Even for a new company with lots of work ahead, there is already a great culture of collaboration and alignment around the vision of where we are going. Some of that has to do with the history and community of Apache Sedona, but much of that also has to do with the clear vision and culture the team.
But it’s the unique combination of well designed open source technology along with a very noticeable gap in the spatial stack that is particularly interesting to me. The more time I had to talk to the team, the more that I realized that there is a strikingly unique opportunity - to build a scalable cloud based analytics solution for the planet's data, something that doesn't exist today, but something we need to solve the pressing problems facing our world today. We all know there is more spatial data than ever, but we need the right tools to really make use of it.
Apache Sedona
I’ll be the first to admit that I had only ever tested Sedona locally using the Docker installation so I never got to see the full power of Sedona with a Spark cluster. As Sedona has developed, I continued to see the building of a complete geospatial data processing platform at scale for both new and returning Spark users including:
- Vector data processing and functions
- Raster processing and functions
- H3 integrations
- Raster/vector combined analysis
- Ability to work with batch and streaming data (Apache Spark and Apache Flink)
- Connect to many data sources
- Blob data such as S3
- Data warehouses like Snowflake and BigQuery
- Streaming such as Kafka or Confluent
- Write code in Python or Spatial SQL
In short, Sedona provides capabilities like for both raster and vector data processing and when backed with Apache Spark, can scale to handle large workloads.
Apache Spark
All that said, using Sedona still requires the skills and access to work with Spark and a Spark cluster. Sedona has fast become Spark’s default geospatial toolkit, which means you also need to know how to run and tune spark clusters to make it very effective. I first heard about Spark in around 2015 when terms like MapReduce, Hadoop, and Hive were being thrown around as the big data processing systems. This was well out of reach of my technical depth but also sounded like a big task to set up, mainly aimed at data processing jobs not queries against data (keep that in mind it will be important later).

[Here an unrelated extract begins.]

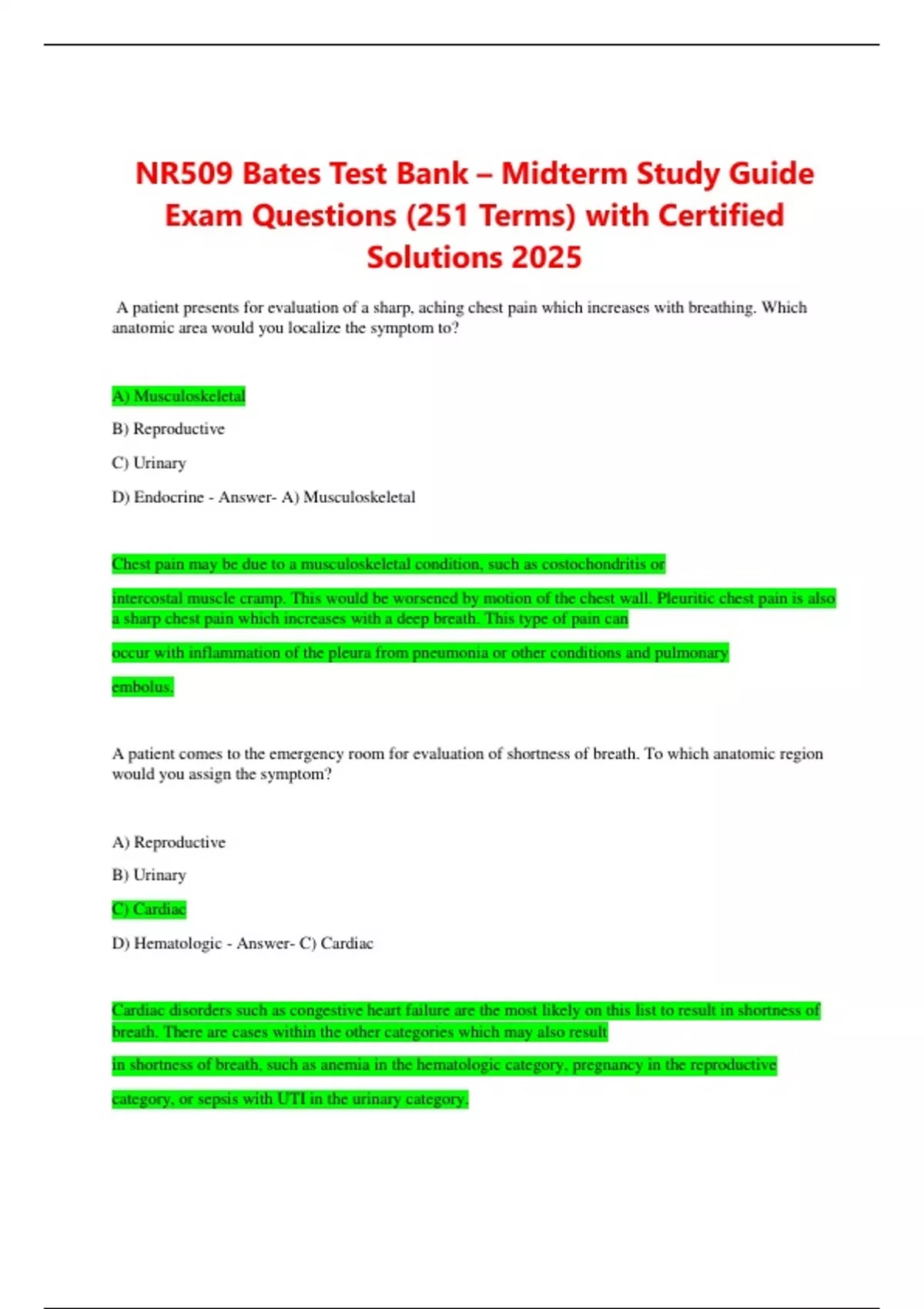 D) Hematologic - Answer- C) Cardiac

Spark of course came along and made that entire process much easier, however I definitely don’t have the skills to work with a Spark instance out of the box to set up, optimize, and maintain it. I was much more focused on the analytics side of things. The type of work I was doing was more or less why Databricks was created. They take the headache out of Spark so that you can just use the system to do the analytics or data science that you need to (what that ends up looking like in practice is data pipelines to continually provide analytical data, but again, more on that soon).

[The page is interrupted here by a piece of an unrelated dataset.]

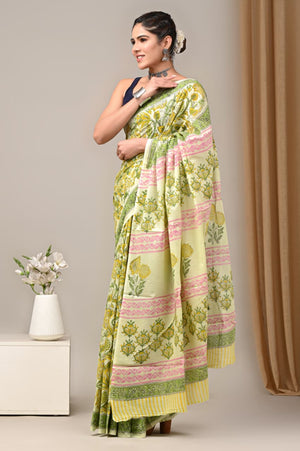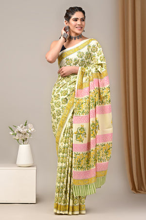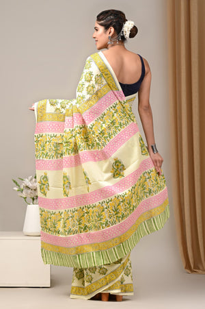 Jaipuri Mulmul Cotton Block Printed Saree With Blouse

Wherobots provides a geospatially optimized serverless compute engine, so you don’t need to think about Apache Spark, or managing infrastructure. You just develop your spatial applications in Spatial SQL or python, or lift-and-shift workloads into it if they are compatible with Apache Sedona. Plus given the optimizations made to the compute infrastructure, you can immediately gain major speed improvements.
Spatial SQL and integrations
And yes, spatial SQL. As I was working on my book last year I was writing a section that outlined every tool that used spatial SQL to give a complete overview of what you can use with spatial SQL. Sedona was of course one of those, but it also had other connections to other parts of the modern GIS ecosystem.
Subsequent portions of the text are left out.